Open davidhwyllie opened 7 years ago
@davidhwyllie Can you paste a traceback of the actual error? Depending on the content I'm tempted to report this as an upstream (i.e. python) problem.
Also which version of Python 3?
Hi
at the moment I am having trouble producing a unit test to reproduce this. It isn't as simple as the 'strings longer than 220 chars' described above. When I have a reproducible, failing example I will write further.
In the meantime, I have attached a unit test which passes which loads small and large files from strings and files on windows using unpatched ete3.
It produces a deprecation warning related to reading files in 'rU' mode, but this is a python 3 issue not a windows one.
Thanks David, can you implement those unitests on your github branch and the Pull Request? It is easy to review and comment that way.
On 4 March 2017 at 22:31, David Wyllie notifications@github.com wrote:
Hi
at the moment I am having trouble producing a unit test to reproduce this. It isn't as simple as the 'strings longer than 220 chars' described above. When I have a reproducible, failing example I will write further.
In the meantime, I have attached a unit test which passes which loads small and large files from strings and files on windows using unpatched ete3.
It produces a deprecation warning related to reading files in 'rU' mode, but this is a python 3 issue not a windows one.

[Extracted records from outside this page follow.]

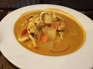 We also ordered the yellow curry with chicken ($19), medium spice, served with white rice. The flavors in this dish too were well blended together, yet you were able to get the distinct taste of each of the ingredients: the chicken, the potatoes and the carrots. The taste of each came yet it was a balanced dish with appropriate spice level. This was also very yummy.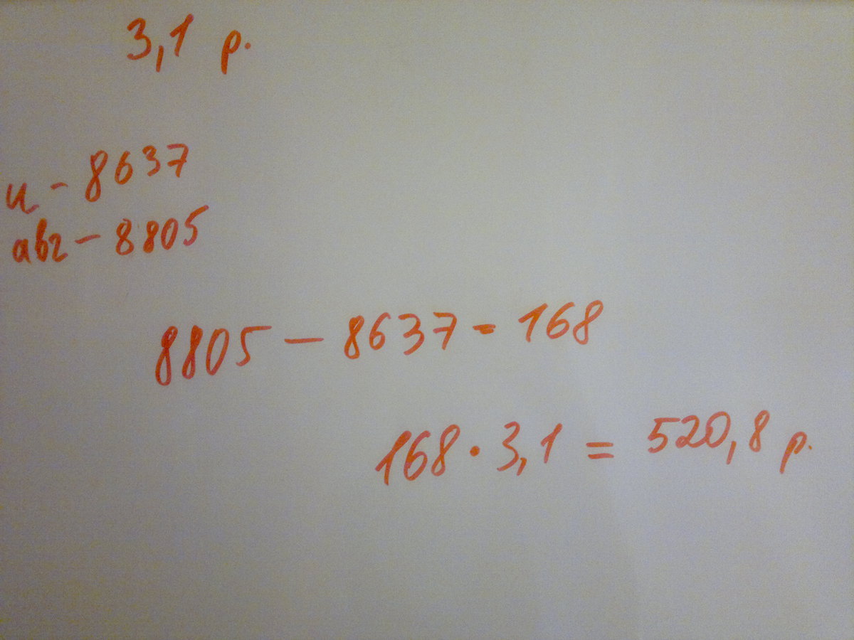 Киловатт-час электроэнергии стоит 3 рубля 10 копеек. Счётчик электроэнергии 1 июля показывает 8637 киловатт-часов,а 1 августа-8805 килловат-часов.Какую сумму (в рублях)нужно заплатить за использование электроэнергии в июле?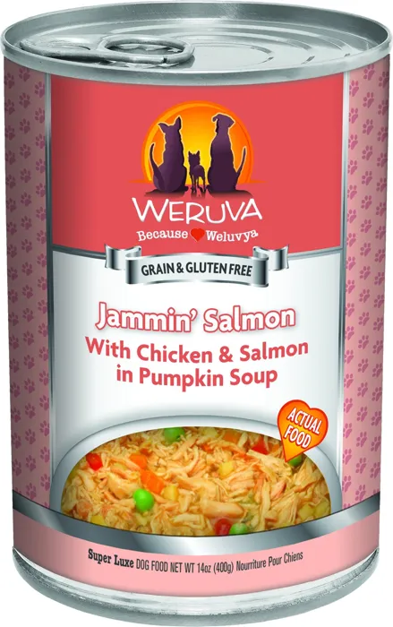 We're jammin and your dog only wants to jam with Weruva Jammin Salmon Canned Dog Food with you. This food is packed full of Omega-3s to have your dog shining with a healthy skin and coat. Weruva Jammin Salmon Canned Dog Food contains boneless, skinless, white breast chicken as well as wild caught salmon food to fill your doggo's hunger. Weruva never fails to let you know that the chicken is always cage-free as well as free from any antibiotics and added hormones. Weruva Jammin Salmon Canned Dog Food is also grain free for any pups with a grain allergy.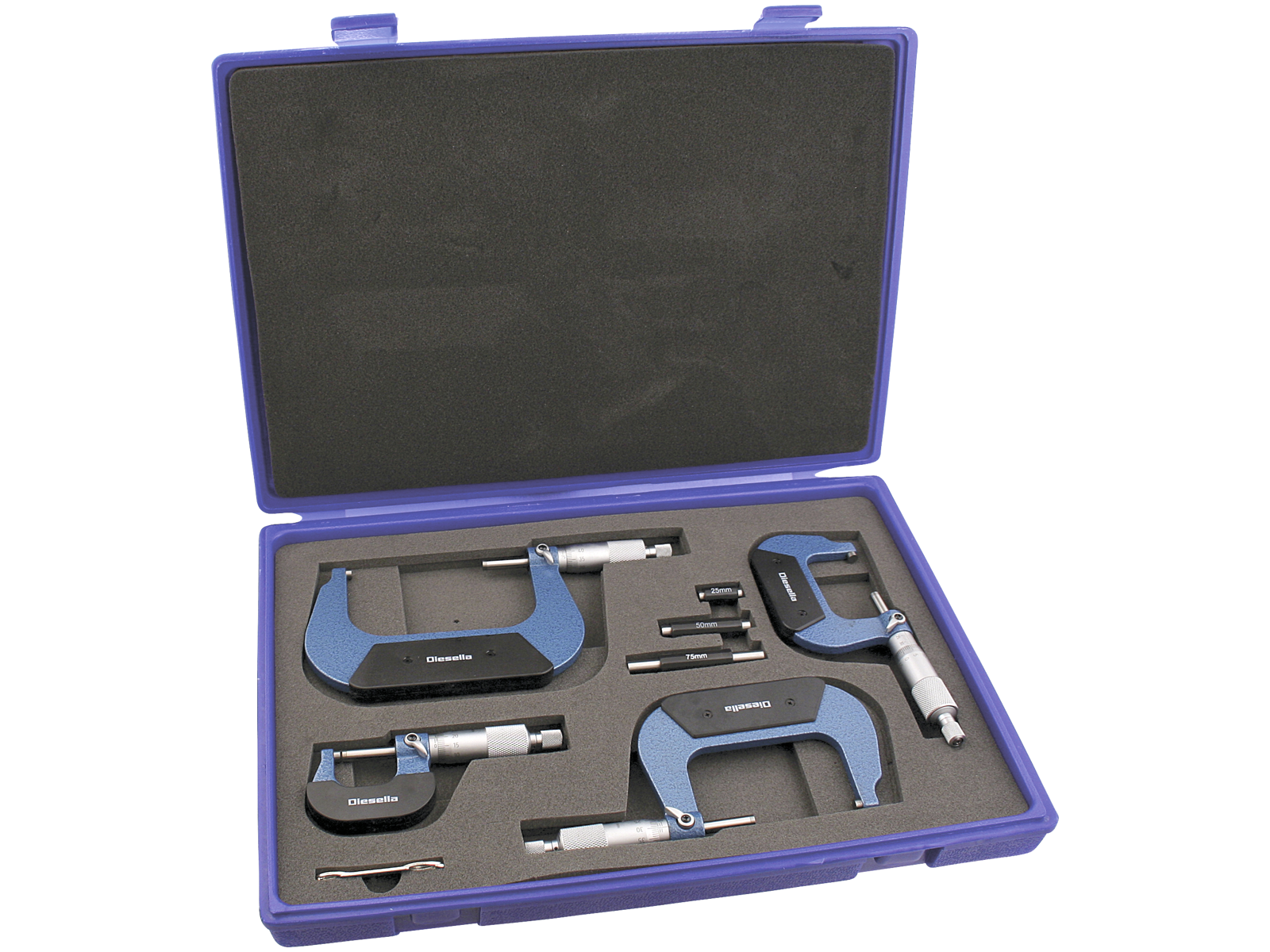 Mikrometerskruesæt med 4 dele. Mikrometerskruer med isoleret bøjle - kontrolmål medfølger fra 25 mm. I matforkromet udførsel med hårdmetal måleflader. DIN 863 standard. Leveres i opbevaringskuffert.

ete3_issue258.zip https://github.com/etetoolkit/ete/files/818947/ete3_issue258.zip
— You are receiving this because you are subscribed to this thread. Reply to this email directly, view it on GitHub https://github.com/etetoolkit/ete/issues/258#issuecomment-284184154, or mute the thread https://github.com/notifications/unsubscribe-auth/AAJ_Sk7j3RuDd_S7T-v0QmLUyY4hmFRJks5ridgsgaJpZM4MEfEV .
Hi
Thanks. Sorry for the delay in replying.
This issue can be reproduced on the following system using the latest release of ete3.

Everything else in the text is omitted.